Provided material Start Marker
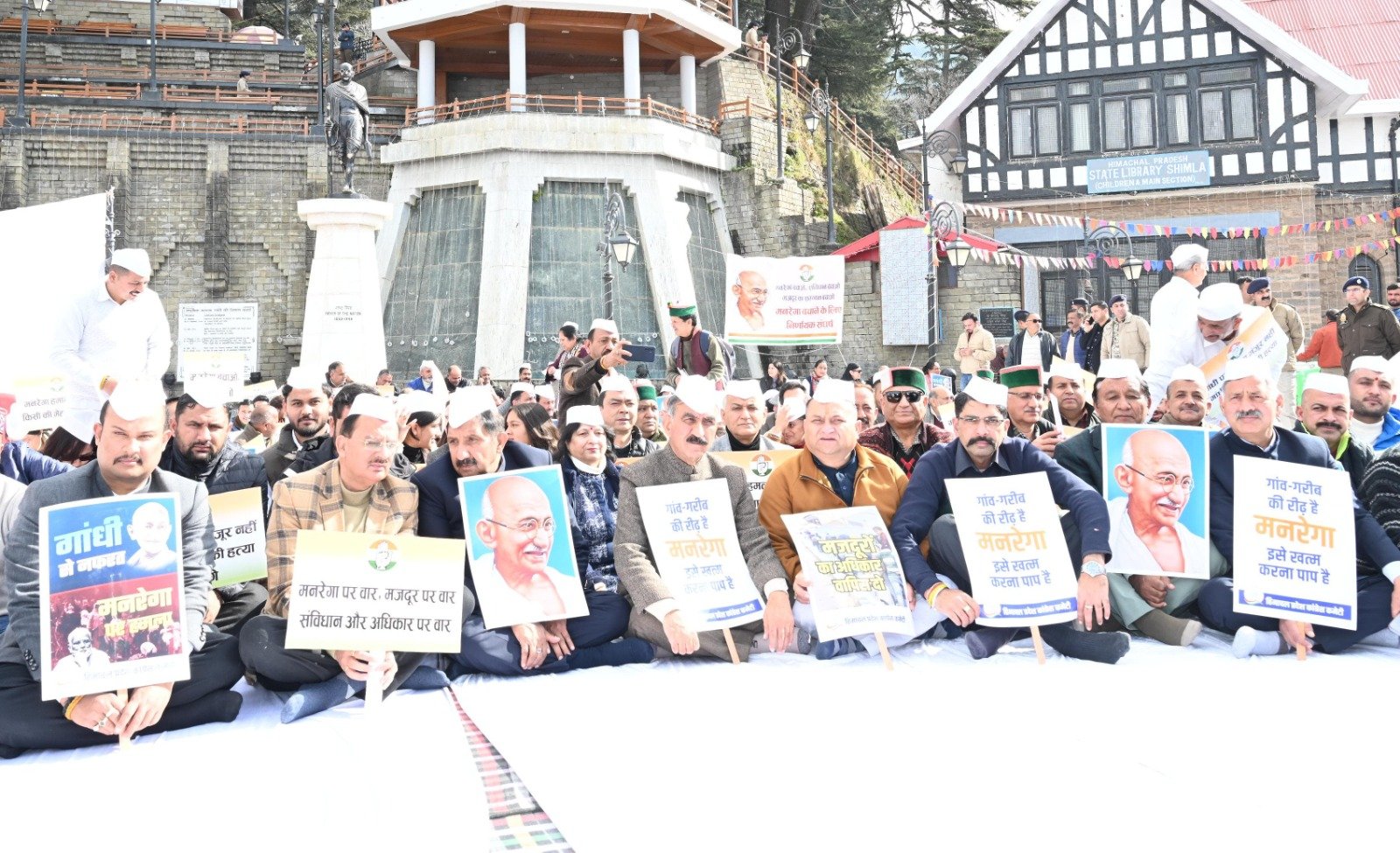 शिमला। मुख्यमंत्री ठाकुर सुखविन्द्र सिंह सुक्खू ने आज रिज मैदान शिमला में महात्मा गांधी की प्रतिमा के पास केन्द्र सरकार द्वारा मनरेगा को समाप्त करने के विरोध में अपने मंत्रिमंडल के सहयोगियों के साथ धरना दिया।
Provided material End Marker
Provided material Start Marker
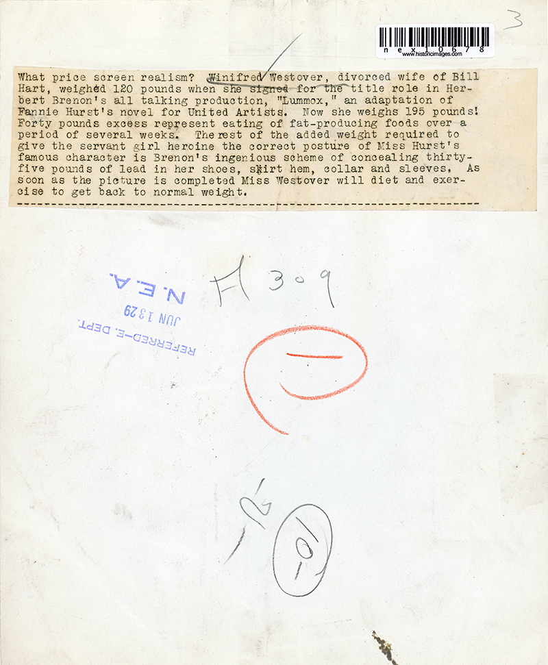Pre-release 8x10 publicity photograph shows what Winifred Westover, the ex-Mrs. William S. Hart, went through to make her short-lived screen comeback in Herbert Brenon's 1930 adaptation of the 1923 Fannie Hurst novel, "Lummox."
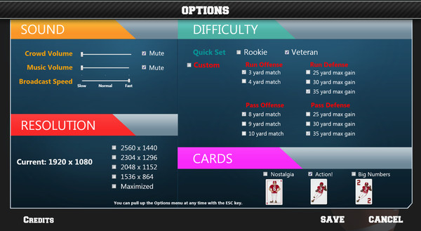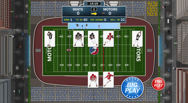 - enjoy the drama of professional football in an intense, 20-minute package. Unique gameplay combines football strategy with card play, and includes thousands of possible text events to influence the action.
Provided material End Marker
What is being asked: Give back exactly the lines above from the one with "Pre-release 8x10 publicity" through the one with "- enjoy the", both included. Pictures don't belong in the copy.

Solution for this exercise:
Pre-release 8x10 publicity photograph shows what Winifred Westover, the ex-Mrs. William S. Hart, went through to make her short-lived screen comeback in Herbert Brenon's 1930 adaptation of the 1923 Fannie Hurst novel, "Lummox."
 - enjoy the drama of professional football in an intense, 20-minute package. Unique gameplay combines football strategy with card play, and includes thousands of possible text events to influence the action.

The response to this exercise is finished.